11.35 Submissions and consultations raised concerns about whether accreditation standards provide adequate ethical safeguards. Many observed that the current accreditation standards do not address issues such as privacy, informed consent, access to counselling or chain of custody—rather they operate on ‘the purely technical level of laboratory procedures’.[52] There was broad support in submissions for augmenting accreditation standards to deal better with consent and other ethical concerns.[53]

Relevant NPAAC Standards

11.36 NPAAC’s Standards for Pathology Laboratories,[54]which came into effect on 1 January 2003, include general standards on laboratory ethics and informed consent.[55] In addition, NPAAC accreditation standards applying specifically to genetic medical testing contain sections relating to ethical concerns. As noted above, pathology laboratories must adopt NPAAC standards in order to be accredited by NATA.

11.37 NPAAC’s Laboratory Accreditation Standards and Guidelines for Nucleic Acid Detection Techniques (the NPAAC Nucleic Acid Detection Standards) contain provisions concerning consent and counselling in genetic testing. These standards draw a distinction between two broad classes of medical genetic testing—‘Class A: Diagnostic Genetic Tests’ and ‘Class B: Predictive, Carrier and Prenatal Genetic Tests’.[56]

11.38 The NPAAC Nucleic Acid Detection Standards provide that Class A tests

require verbal consent of the individual being tested (or legal guardian) and do not require specific pre-test counselling for genetic disease. Tests in this class are appropriate for access by the health professionals providing patient care.[57]

11.39 In contrast, Class B tests

would typically be the province of a specialist laboratory working in close association with a number of specialist referrers. The tests in this category … require formal consent, pre- and post-test counselling, confidentiality procedures, and close dialogue between laboratory and clinical services.[58]

11.40 Under the the NPAAC Nucleic Acid Detection Standards, laboratories have ethical responsibilities where requests for specialised testing (Class B tests) are

initiated by a health professional unlikely to be familiar with the complexities of the diagnosis, or where a person directly seeking genetics advice has initiated a request for testing without consultation with an appropriate health professional.[59]
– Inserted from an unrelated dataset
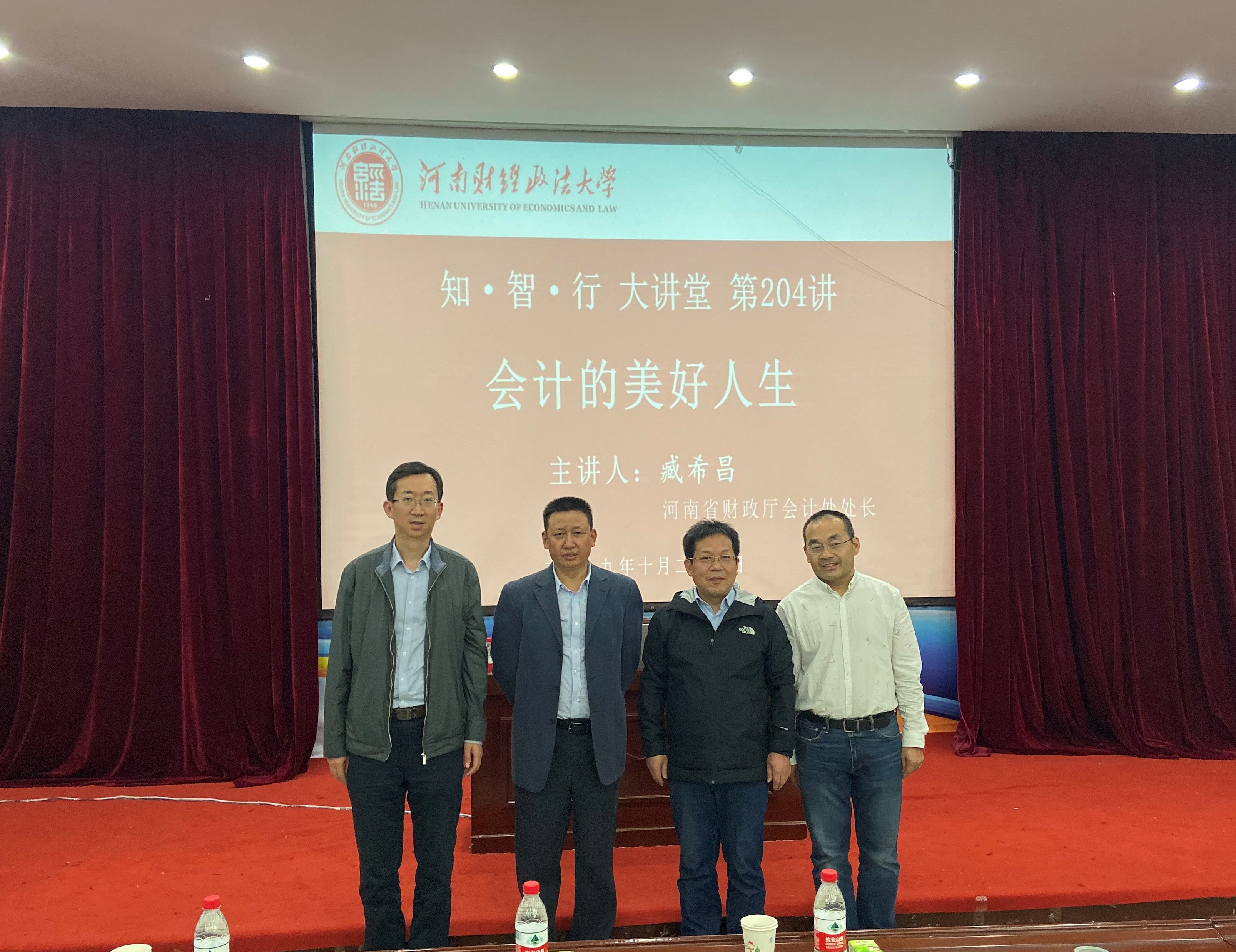 10月24日晚,william威廉中文在郑东校区教1-220报告厅举办第204期知智行大讲堂,特邀河南省财政厅会计处处长臧希昌来我校,作了主题为《会计的美好人生》的报告。william威廉中文院长潘克勤、副书记刘文升,电子商务与物流管理学院副院长赵彦锋,以及400余名师生到场聆听。

11.41 In these circumstances it is the responsibility of the laboratory director to ensure laboratory practice is consistent with accepted ethical guidelines.[60] Furthermore, where there are reasonable grounds for believing that informed consent may not have been given, appropriate care (which might include counselling) has not been available, or patient confidentiality may have been breached, the laboratory is obliged to contact the referring practitioner ‘to ensure that informed consent is obtained prior to laboratory testing and provide the practitioner with information regarding how to access genetic services in the region’.[61] The NPAAC Nucleic Acid Detection Standards also provide that laboratories

shall not provide genetic testing for any patient-initiated service, such as mail-order testing or shop-front testing, which does not occur in the context of a clinical service that provides for appropriate genetic counselling.[62]

11.42 DP 66 proposed that NPAAC should inquire into whether accreditation standards should ensure that laboratories conduct genetic testing only on bodily samples collected with the consent of the individual to whom the sample relates or as approved by a Human Research Ethics Committee.[63]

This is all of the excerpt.